Но есть ли хитрый алгоритм, который я могу использовать, когда кругов больше двух?
Ответы:
Найдите все пересечения кругов на внешнем периметре (например, B, D, F, H на следующей диаграмме). Соедините их вместе с центрами соответствующих кругов, чтобы образовать многоугольник. Площадь объединения кругов - это площадь многоугольника + площадь срезов круга, определяемая последовательными точками пересечения и центром круга между ними. Вам также необходимо учитывать любые дыры.
источник
Я уверен, что есть умный алгоритм, но вот глупый, чтобы избавить от необходимости искать его;
Конечно тупо, но:
источник
Ответ Муравья Аасмы дал основную идею, но я хотел сделать ее более конкретной. Взгляните на пять кругов ниже и на то, как они разложены.
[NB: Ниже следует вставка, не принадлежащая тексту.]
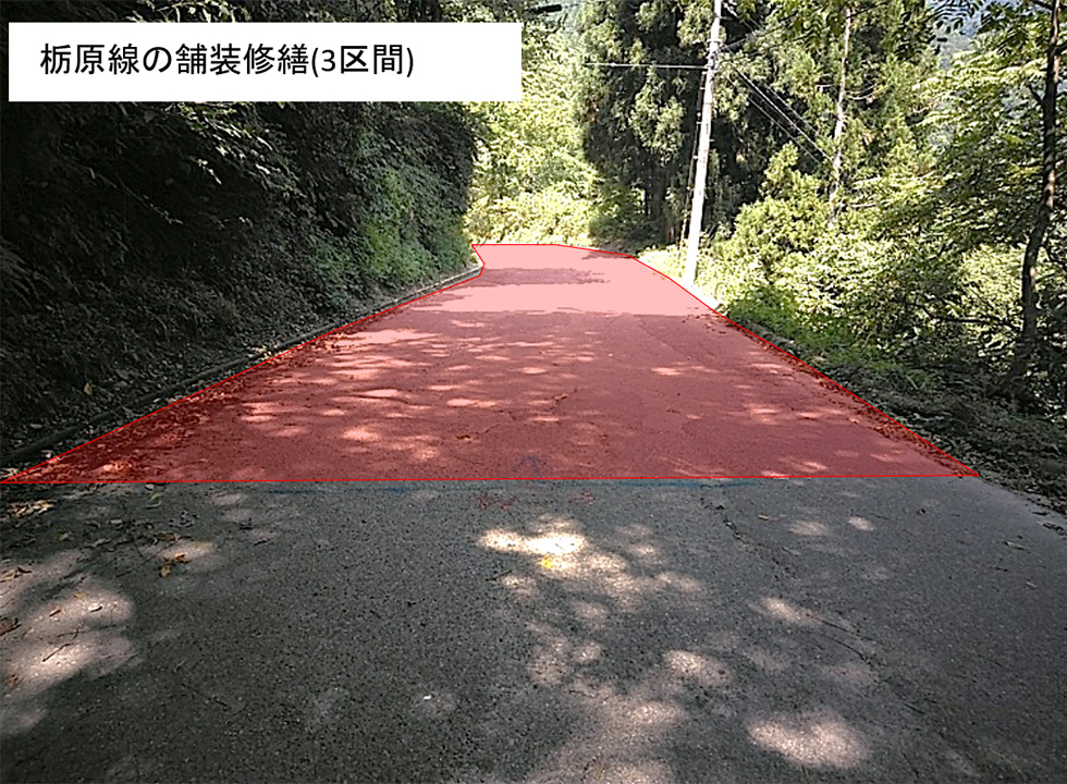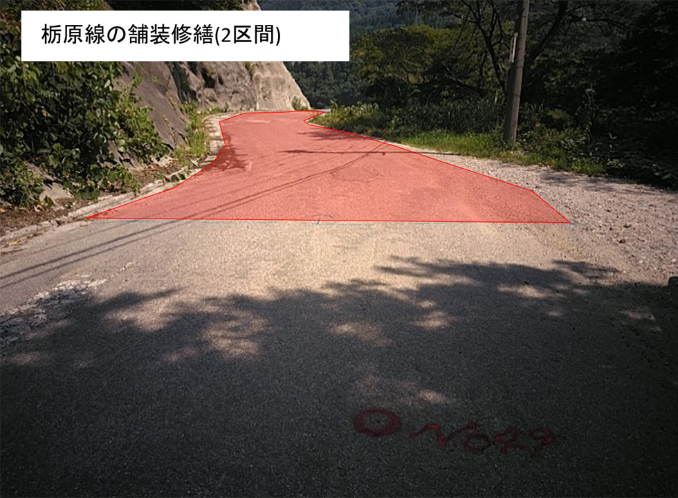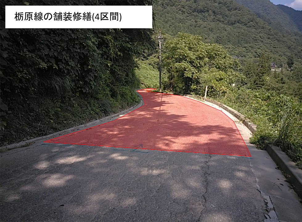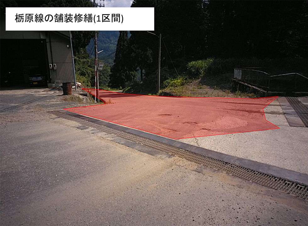 9月初旬より栃原線の舗装が傷んでいる箇所の舗装打ち換え工事を行います。

Определить эти 3 типа точек несложно. Теперь создайте структуру данных графа, узлами которой являются синие точки и красные точки с белой внутренней частью. Для каждого круга поместите край между серединой круга (синяя точка) и каждым из его пересечений (красные точки с белой внутренней стороной) на его границе.
Это разбивает объединение кругов на набор многоугольников (заштриховано синим) и круглых частей (заштриховано зеленым), которые попарно не пересекаются и покрывают исходное объединение (то есть разбиение). Поскольку здесь каждый кусок представляет собой нечто, площадь которого легко вычислить, вы можете вычислить площадь объединения, суммируя площади частей.
источник
Для решения, отличного от предыдущего, вы можете произвести оценку с произвольной точностью с помощью квадродерева.
Это также работает для любого объединения фигур, если вы можете сказать, находится ли квадрат внутри или снаружи или пересекает форму.
Каждая ячейка имеет одно из состояний: пустая, полная, частичная.
Алгоритм заключается в «рисовании» кругов в квадродереве, начиная с низкого разрешения (например, 4 ячейки помечены как пустые). Каждая ячейка либо:
Когда это будет сделано, вы можете вычислить оценку площади: полные ячейки дают нижнюю границу, пустые ячейки дают верхнюю границу, частичные ячейки дают максимальную ошибку площади.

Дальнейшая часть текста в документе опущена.